“I never want to see another picture of ________.” Industry veterans share their pet peeves on themes in contemporary photography. In this series they present their “rule” along with five photographs that break the rule in an effort to show that great work is the exception to the rule.
Rule Setter: Jon Feinstein, Curator and Photographer, and Humble Arts Foundation Co-Founder
Rule Breaker: Ruben Natal San Miguel
I never want to see another nostalgic photo-homage to New York City’s disappearing past. These images are often ripe with hackneyed outsider tropes, and, despite their warm intentions, can read as overly idealized visual tourism. I grew up and spent my early adulthood in the city before moving to Seattle in 2013, and have seen plenty of New York City-based photographers retreat to their studios, shying away from this kind of material for fear of doing it to death. While Diane Arbus, Bruce Davidson, Jamel Shabazz, Nan Goldin, Harold Feinstein (of no personal relation!), Helen Levitt, Martha Cooper, Robert Herman and countless others have shot the city so well, few have been able to replicate with fresh or non-derivative eyes.
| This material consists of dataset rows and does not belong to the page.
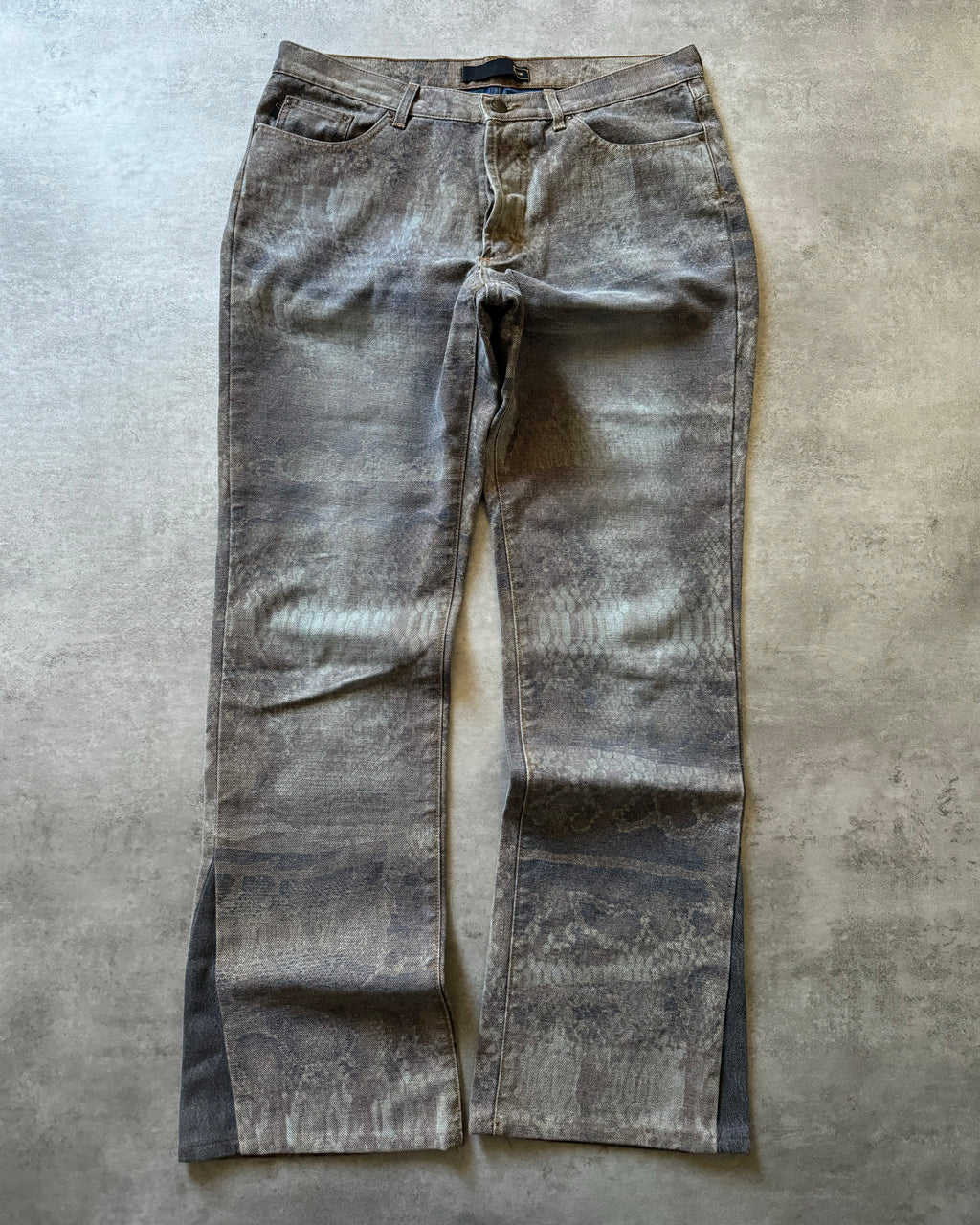 The standout feature of these jeans is the alluring python pattern that adorns the fabric. The sinuous and elegant lines of the python weave their way across the jeans, adding a touch of exotic luxury to the overall design. The snake's hypnotic allure, paired with the faded colorway, creates a captivating visual effect that is both alluring and unforgettable.
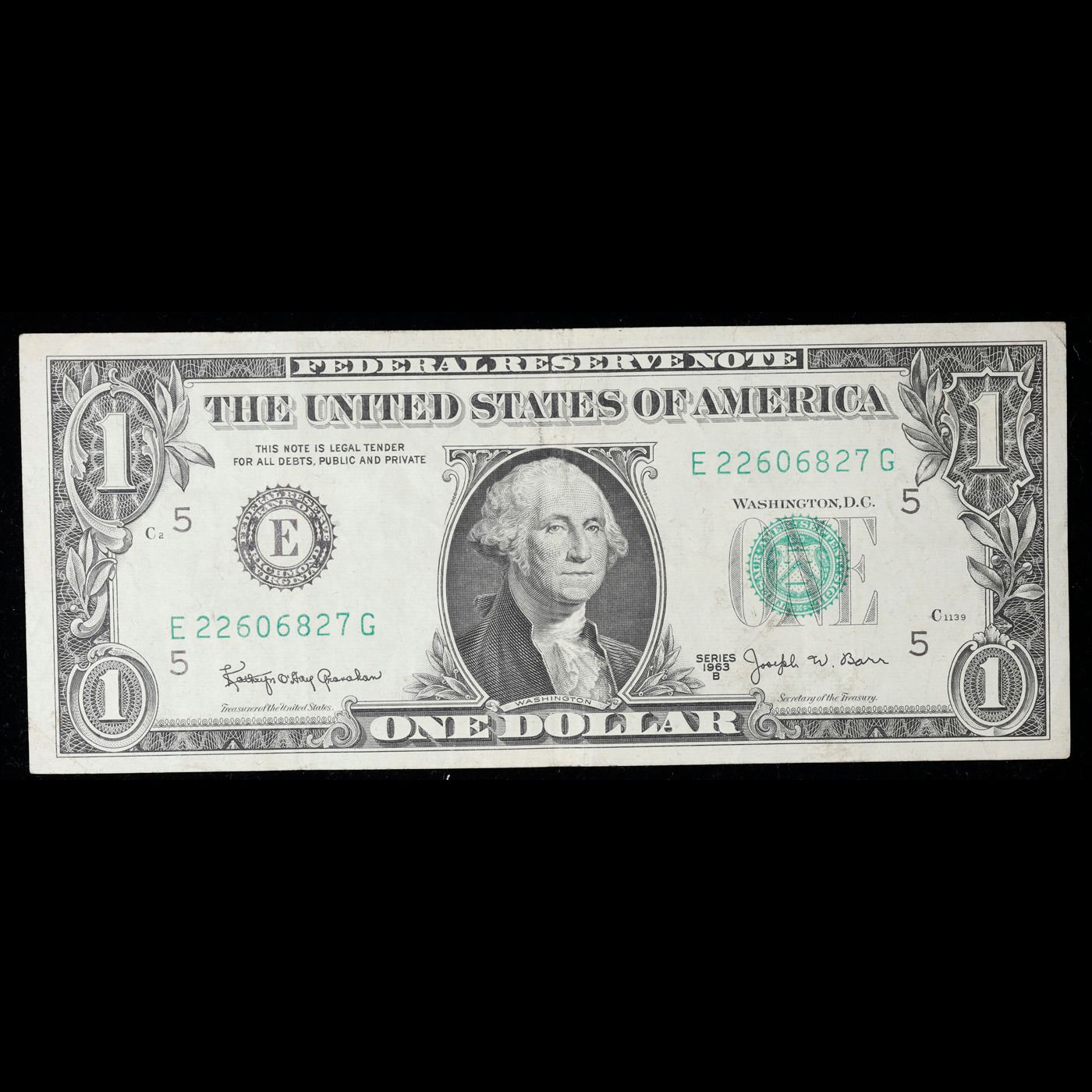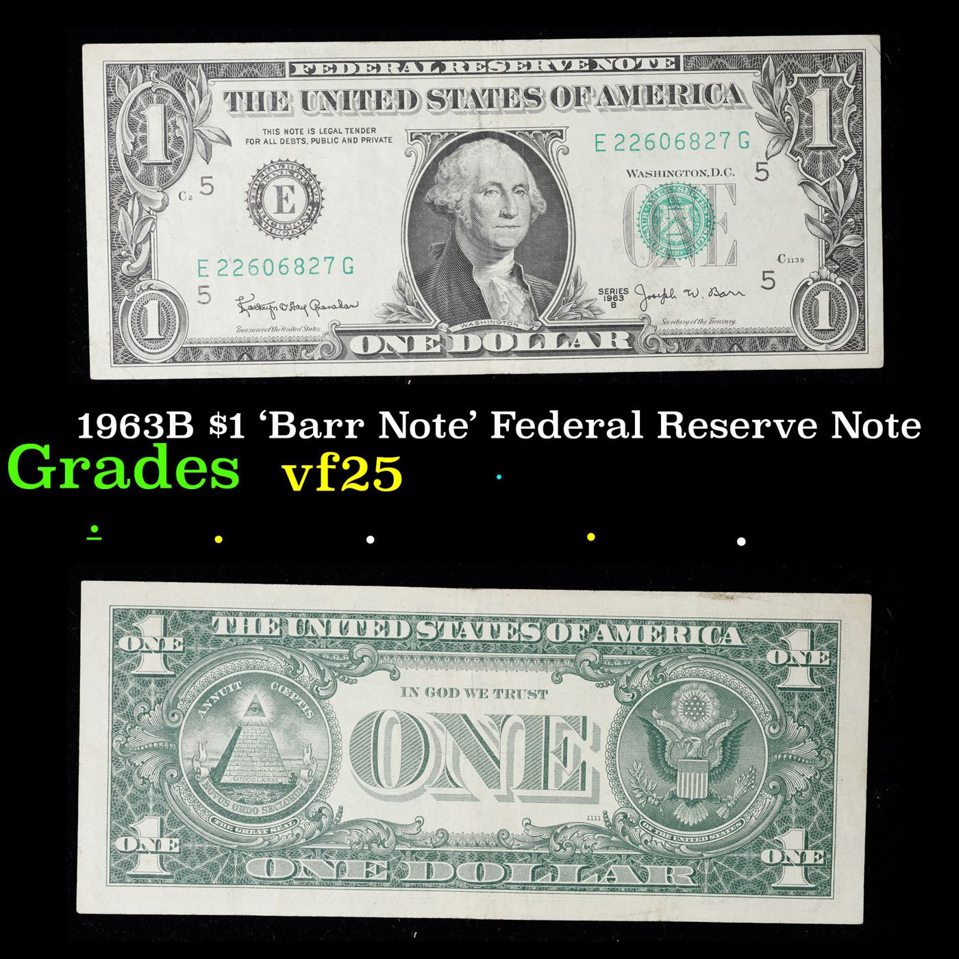 1963B $1 'Barr Note' Federal Reserve Note Grades vf+. Among the most sought-after U.S. paper money of the late 1960s are the short-lived "Barr" Notes. These distinctive $1 Federal Reserve Notes bear the signature of Joseph W. Barr, who served as Secretary of the Treasury during the last 28 days of President Lyndon B. Johnson's administration. Barr was replaced when President Nixon chose a successor. Due to Barr's short term, his signature appeared only on the $1 notes of Series 1963B.
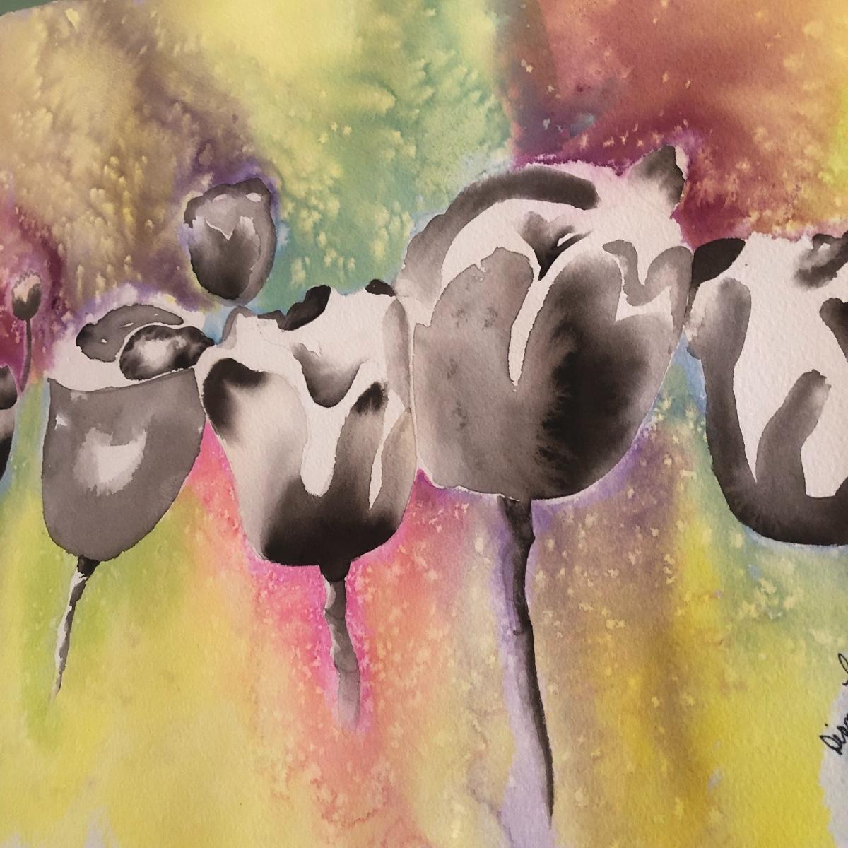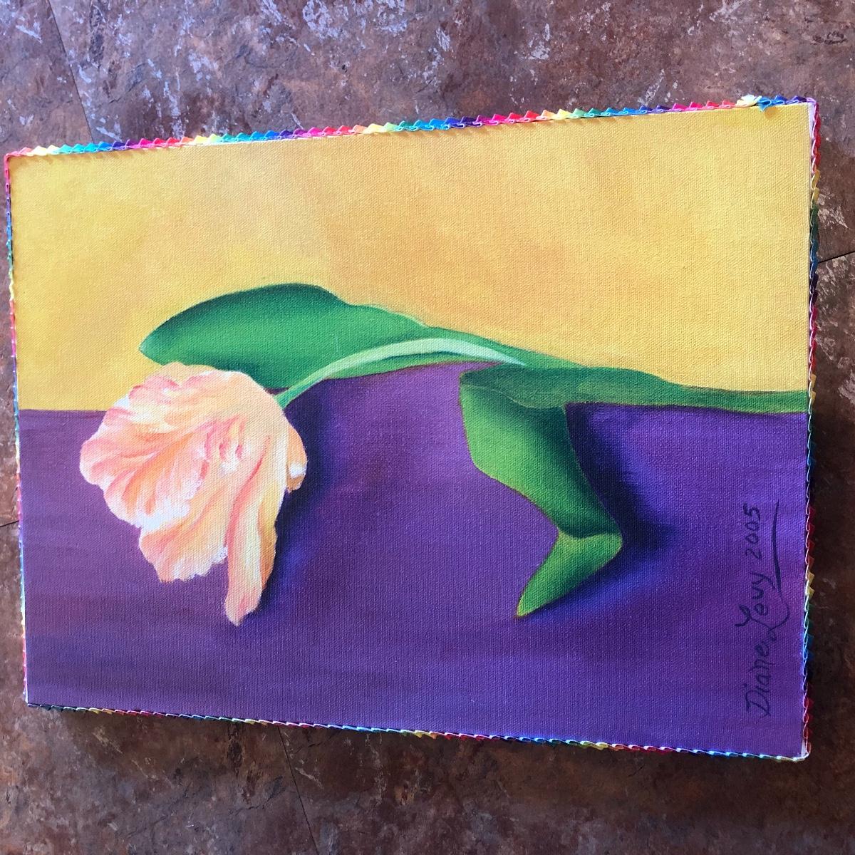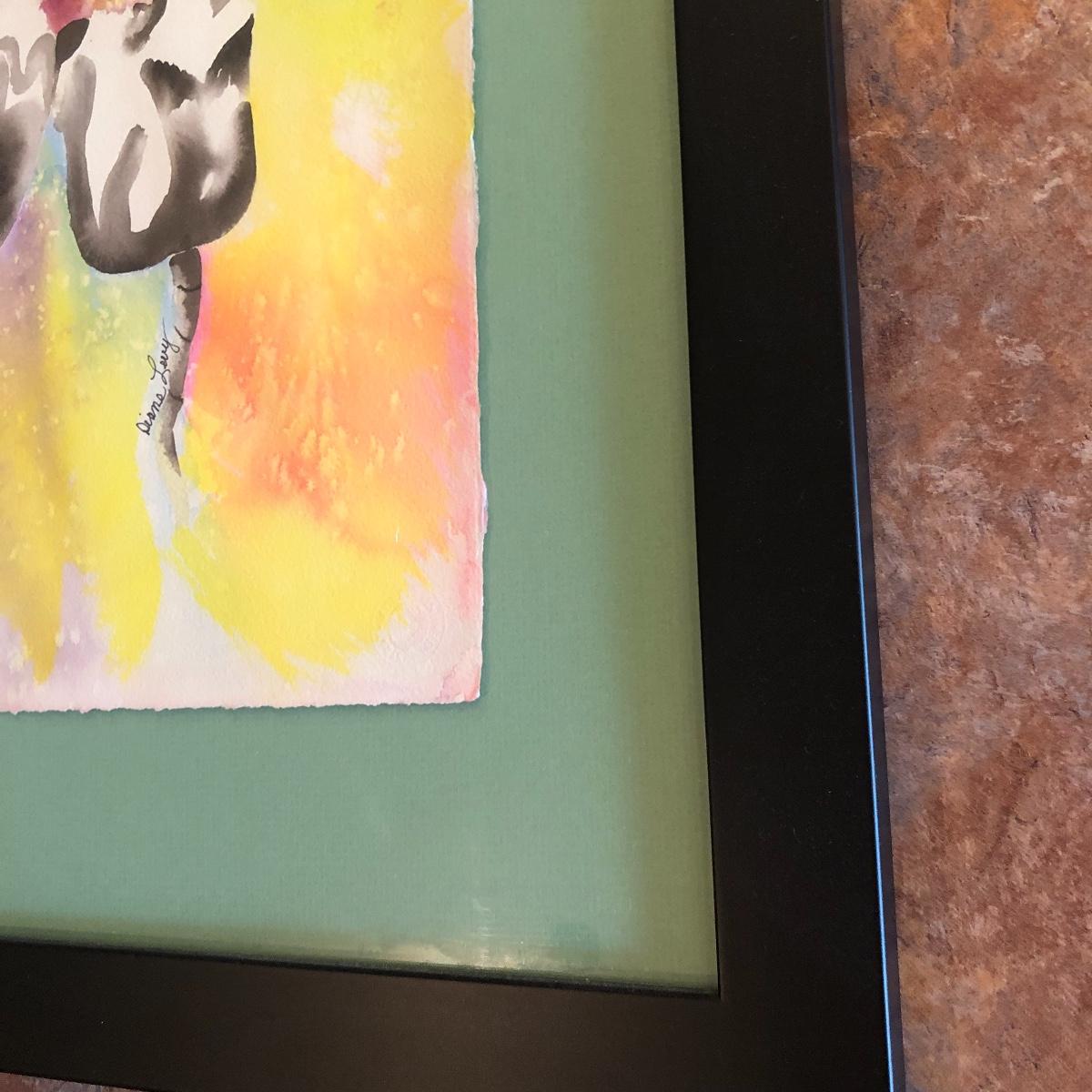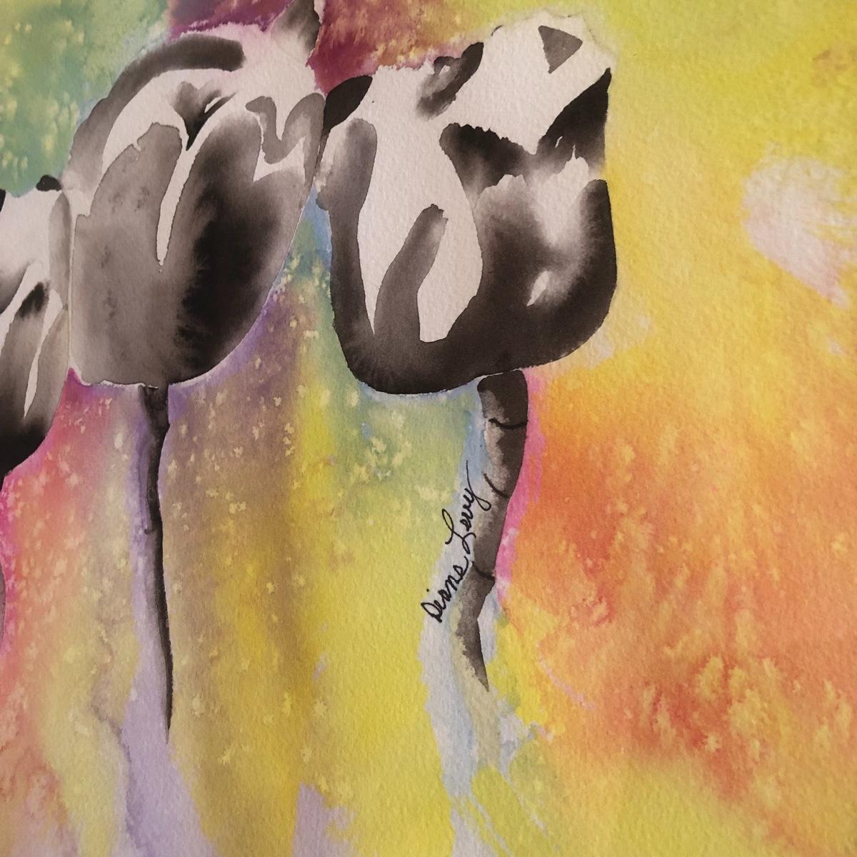 The framed watercolor is signed by Diane Levy and measures 30” x 23.5”. The other three pieces of art are on canvas and heavy sketch paper. The large yellow flowers measure 30x23.5 Local pick up only.
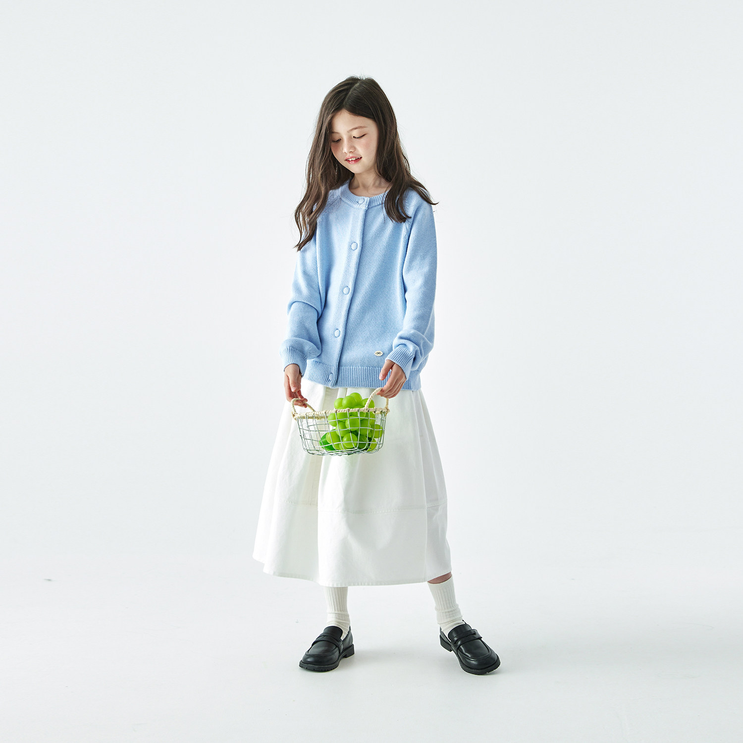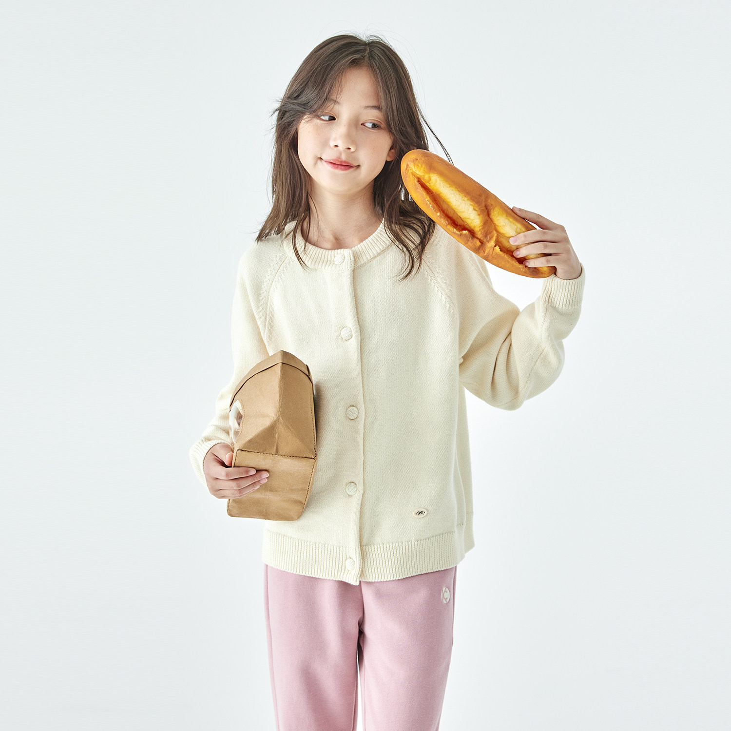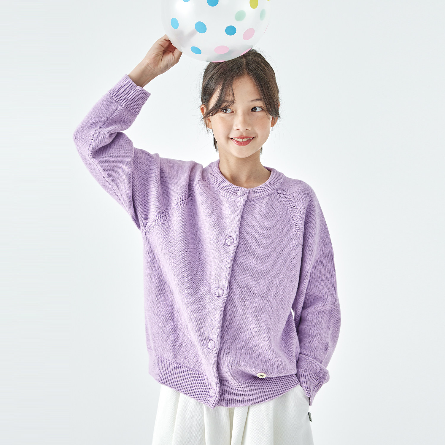 棵初2025年冬新款亲子中大女童针织开衫山羊绒混纺宽松简约毛衣

Ruben Natal San Miguel’s pictures, however, break this tradition with thoughtful clarity. San Miguel, a 13-year Harlem resident and 9/11 survivor, has spent more than a decade photographing nearly every inch of New York City, intimately recording the culture that’s too rapidly replaced by big box stores and waterfront condos. Traversing Coney Island, East New York, The South Bronx, probably the most over-photographed location—Central Park, and nearly everywhere in between, San Miguel’s images may soon exist as a shrine to the communities who continue to get pushed further and further out. While his work brings to mind many of the aforementioned photographers, his sensitivity to his subject matter, ranging from drag culture to a man grieving his late wife in Central Park, bring an elegant, honest vision to the city’s many vanishing moments. San Miguel’s exhibition, Street Life: A New York City Vanishing Act is on view at SoHo Photo Gallery in Manhattan through October 3, 2015.